I lied on my college applications.

No, there were no made up anecdotes or faked photos of me on sports teams. In fact, there weren’t many made up details on my college applications at all, so technically it wasn’t even really lying.

Unlike the families caught in the college scandals earlier this year, I put in the work. I wrote my own essays. I took my SAT and did, compared to most of my friends, relatively trash. I double, triple, quadruple checked for typos and grammar errors.

My parents went over every last detail before saying “Yeah, it looks fine. Submit it” and watching me submit my applications, one by one, on the 21st of November, my 18th birthday (I spent my birthday doing my college apps. You didn’t?)

The thing is, no details were falsified, but many were left out. So many that, if you looked over my college applications now, you’d think I was a completely different person.

In my college applications I seem less well-rounded, I have less emotional baggage, and if I’m being completely honest, I’m rather boring. That person, however, is who my parents know me as: someone who’s seemingly average in all things academia (that much is probably true) and who does nothing much else outside of school and journalism. I waste time and stare at my computer too much. I’m always on my phone.

My uber-conservative parents know little about me. It’s not really the way I like it, but it’s the way it has to be.

They know my favorite color and they know that it changes depending on my mood. They know I’m a student journalist and that I’m passionate in most things that don’t involve math. They know the name they gave me. They know everything I tell them about. Which is, at the end of the day, not very much.

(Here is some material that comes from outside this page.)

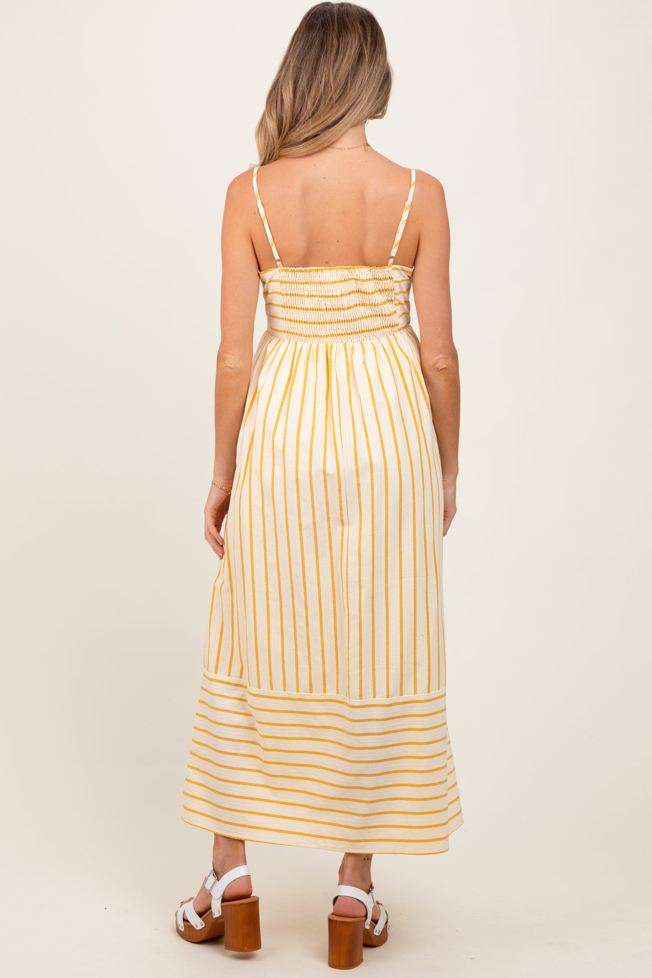 Yellow Striped Sleeveless Maternity Maxi Dress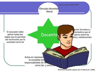 El documento aborda la formación y conducta profesional del docente en el contexto educativo contemporáneo, destacando la importancia de la ética y la responsabilidad social en la enseñanza. Se enfatiza el perfil del docente de química, que debe combinar conocimientos teóricos y prácticos con un compromiso hacia el desarrollo sostenible y el entendimiento de la realidad social. Además, se destacan deberes como la puntualidad, el trato equitativo a los estudiantes y la promoción de la conservación ambiental.

I hide a lot from them. It’s not really an angsty-teenage-rebellion kind of thing and more of a this-is-my-truth-to-tell kind of thing.

They don’t know that I’m queer — more specifically that I identify as genderqueer. That’s a large part of my identity, surely it makes sense for them to know about smaller details, right?

No. Not really. They don’t know about my favorite artist — Janelle Monae, by the way — because even my favorite musical artist leads to the implication that I’m not the person they think I am.

And I have to be the person they think I am.

And at 18 with as much passion for LGBTQ+ advocacy as I have, I also don’t have much of a personality outside of my queerness. Sure, I’m an activist, an advocate, and a journalist. But because I’m queer, my work in those areas is about empowerment of queer people like me.

Everything I do is an extension of myself and myself is queer, confused, tired, angry, and on most days, just a little bit scared.

Now, look, I don’t have a degree in psychology, nor have I taken AP Psychology, but I know that if your gut tells you that you aren’t safe, you listen to it. I’ve listened to that gut feeling my entire life.

So I listened to it when I was applying for college, too.

I think I always knew that I’d have to lie to my parents about it. I struggled with whether or not I should hide that truth — my truth — from admissions officers, too. Bonus points for authenticity, maybe, but what if my admissions officers just all happened to be transphobic? There’s not really a Buzzfeed quiz for “Is My Admissions Officer Transphobic?” and it’s not a detail you find out very easily. (Even if I had looked through their LinkedIn, Twitter, and Instagram profiles, I’m pretty sure that’s not something I’d see explicitly.)

Plus, if I wrote about being queer, I’d have to write two separate sets of essays, and most days my laziness overrides my need to be unashamedly queer. Also, is dealing with circumstance the same as overcoming adversity? I didn’t throw myself into the line of fire, I just happened to be in it. Even if I had just submitted without them knowing, I’d have to write a new set for them to read when they inevitably forced me to show them my essays.

So I went with the gut feeling; I chose comfort and safety over truth and I filled out my college applications to reflect someone I’m not. I told myself comfort was better than miserable, homeless, or dead.

In retrospect, maybe a large part of it all was me overthinking. On the other hand, “overthinking and overreacting” is what’s kept me safe all these years.

I’ve spent the past six months wondering if I’m alone in this, but I know that I’m not; it wasn’t just applying to college, it was having to keep a secret. I know there are countless queer students like me that can’t truthfully talk about their dreams and their passions, because they’re keeping their own secret. College application season, for many, will just be an extension of what they have to go through every single day.

Applying to college is stressful. Believe me, I know. I understand how infuriating essay prompts can be when they’re all mostly the same but also slightly different.

I get it, I really do, but if you got to write those essays truthfully, know that that is a privilege, too.